Figure 7. Loss of ERα Results in Satellite Cell Apoptosis.

(A) Percent of Pax7+ cells that were also TUNEL+ in cross sections of TA muscles from control (n = 4) and Ovx without (Ovx; n = 4) and with 17β-estradiol treatment (Ovx+E₂; n = 3).

(B) qRT-PCR mRNA expression of apoptosis-related genes in ZsGreen+ satellite cells isolated from gastrocnemius muscles of control (n = 4) and Ovx mice (n = 4).

(C) Principal component analysis (PCA) of RNA-seq profiles of ZsGreen+ satellite cells of Pax7^+/+;Esr1^fl/fl;Pax7-ZsGreen (scERαWT; n = 3) and Pax7^CreERT2/+; Esr1^fl/fl;Pax7-ZsGreen (scERαKO; n = 3) mice.

(D) Heatmap of 388 differentially expressed genes in satellite cells of scERαWT and scERαKO mice.

(E) Transcripts per kilobase million (TPM) of ERα target genes, nuclear receptor interaction protein (Nrip), growth regulating ER binding 1 (Greb1), and oxytocin receptor (Oxtr).

(F) Top 10 molecular and cellular functions from ingenuity pathway analysis (IPA). Red box to highlight the top pathway, cell death, and survival.

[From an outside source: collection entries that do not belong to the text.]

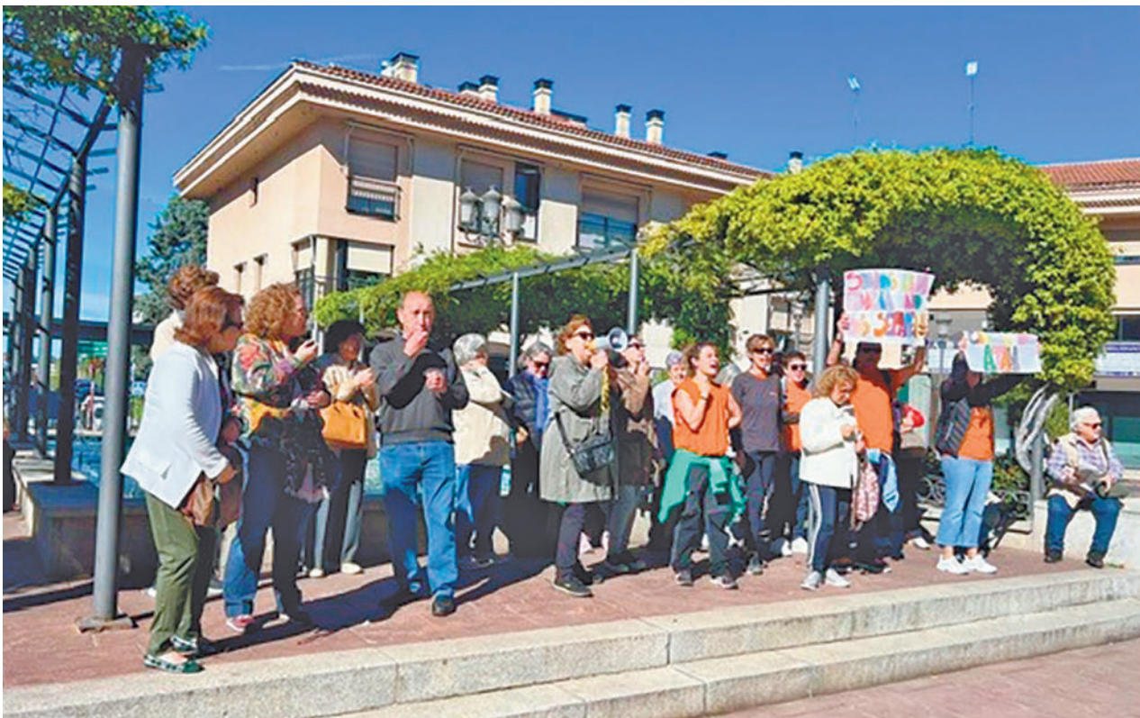
Protesta de familiares de los usuarios
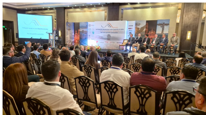
Figura 3. En la ceremonia de inauguración.
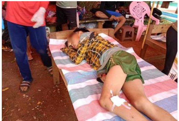
မိုးဗြဲတွင် ကလေးများ စစ်ကောင်စီ ထောင်ထားသော မိုင်းနင်းမိ

နိုဝင်ဘာလ ၂၆ ရက်နေ့၊ နိုဝင်ဘာလ ၂၆ ရက်နေ့တွင် ဖရူဆိုမြို့နယ်ရှိ စစ်ကောင်စီ၏ အမှတ် (၁၄) တန်းမြင့် စစ်လေ့ကျင့်ရေးကျောင်းနှင့် မားခရော်ရှေ့ ခြေကုပ်စခန်းတို့ကို KNDF B-15 မှသွားရောက်တိုက်ခိုက်ခဲ့ပြီး စစ်ကောင်စီတစ်ဦး သေဆုံးခဲ့ပါသည်။
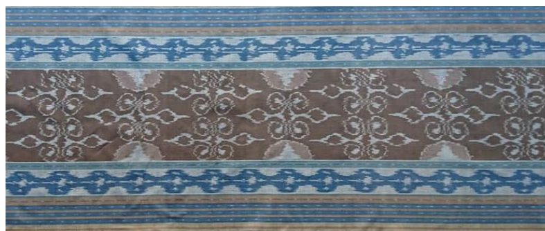
Gambar 5. Wastra Trinil

Kata kinanti berasal dari kata kanthi yang dalam bahasa Jawa memiliki arti bersama, tuntunan atau gandengan tangan. Pada masa ini merupakan tahapan ketika manusia mulai tumbuh dan berkembang mengenal hal-hal baru. Pada seri ini, Omah Petrok memberi nama judul “Trinil” yang merupakan nama kecil R.A Kartini yang merepresentasikan bahwa perempuan itu tidak terbatas oleh apapun, bebas, dan leluasa
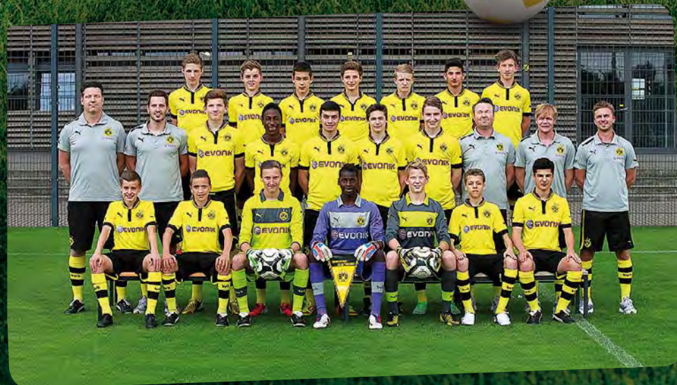
LE BORUSSIA DORTMUND

(G) Top 10 upregulated and top 10 downregulated apoptosis-related genes from IPA in satellite cells of scERαWT and scERαKO mice.

(H) qRT-PCR mRNA expression of apoptosis-related genes in ZsGreen+ satellite cells of scERαWT and scERαKO mice.

Significance tested with ANOVA, Holm–Sidak post hoc tests are indicated by *, different from control and Ovx+E₂, *p < 0.05 (A) and *p < 0.05 and **p < 0.005 by Student’s t tests (B, E, and G).